The second dissonance that I feel relates to the response to incidents of information security ICS. As a person involved in automated process control systems, I am accustomed to the fact that when any indignation appears, the control system with its algorithms compensates for this indignation. That is, there is an active reaction. And what is meant by the term "Response to an incident of information security in an automated process control system"? In most cases, at an industrial facility, this action implies a post-analysis of the incident and the adoption of measures to adjust the protections and settings in terms of information security and ICS to prevent such a case in the future. One case of a regular shutdown and subsequent restart of a large technological unit can cost tens of millions of dollars, a shutdown of a technological unit with damage to technological equipment can cost hundreds of millions of dollars. And what, all attacks and penetrations occur so quickly that the on-duty personnel (the information security specialist of the facility, at least now, is not the duty personnel) cannot do anything? In most cases, no. Modern IDS software, together with the analysis of the valubility of the LAN connections of the ICS, make it possible to form effective scenarios for the response of the facility personnel on duty to incidents in the ICS industrial networks.

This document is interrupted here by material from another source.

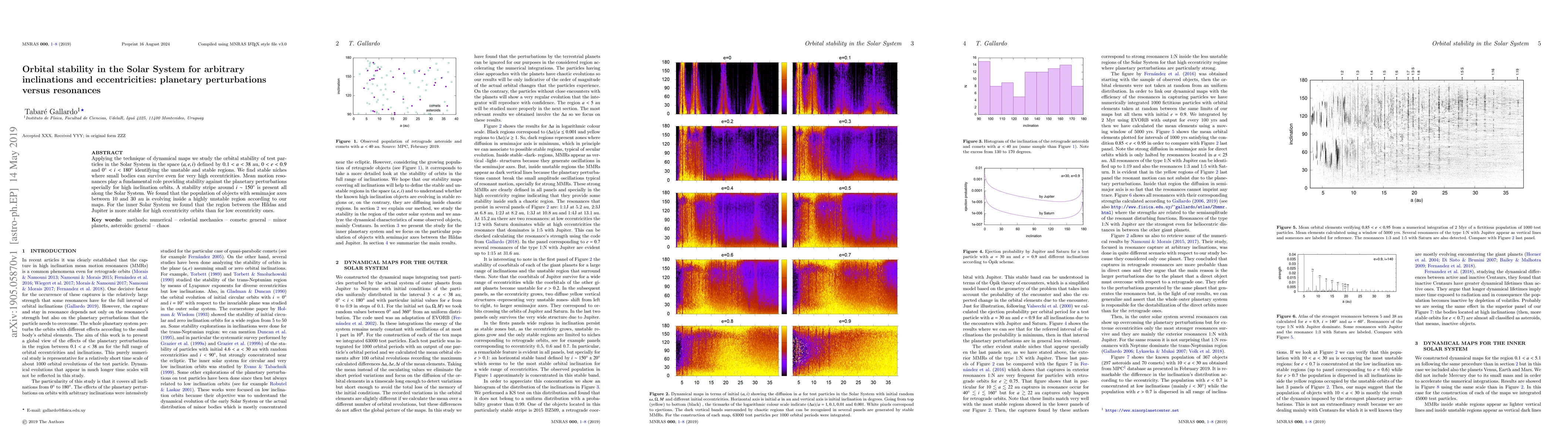 This paper uses dynamical maps to analyze orbital stability in the Solar System across various inclinations and eccentricities, identifying regions of stability and instability. Mean motion resonances significantly enhance stability, particularly for high inclination orbits, with a notable stability stripe around an inclination of 150 degrees.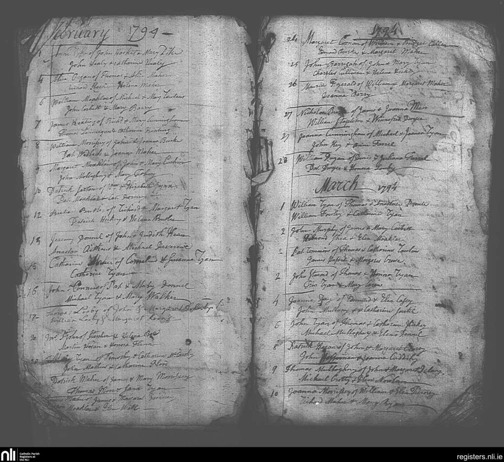 Cashel; County of Tipperary; Diocese of Cashel and Emly. Baptisms, Feb. 1794 to Mar. 1794

Disabling unnecessary connections can stop an attack, or prevent it from spreading to other connected ICS LANs. Of course, in this matter, it is necessary to form certain scenarios for analyzing IDS messages and assessing the adequacy of an object's controllability in an incident, on the basis of which it is necessary to formulate instructions for the actions of operational and duty personnel in conditions of a threat or the implementation of an information security incident. To implement the function of disconnecting unnecessary links, an Emergency LAN Control Panel of the ICS can be provided, which contains Ethernet interface breakers (like etherCUT) for connections defined as non-important for technological process operation.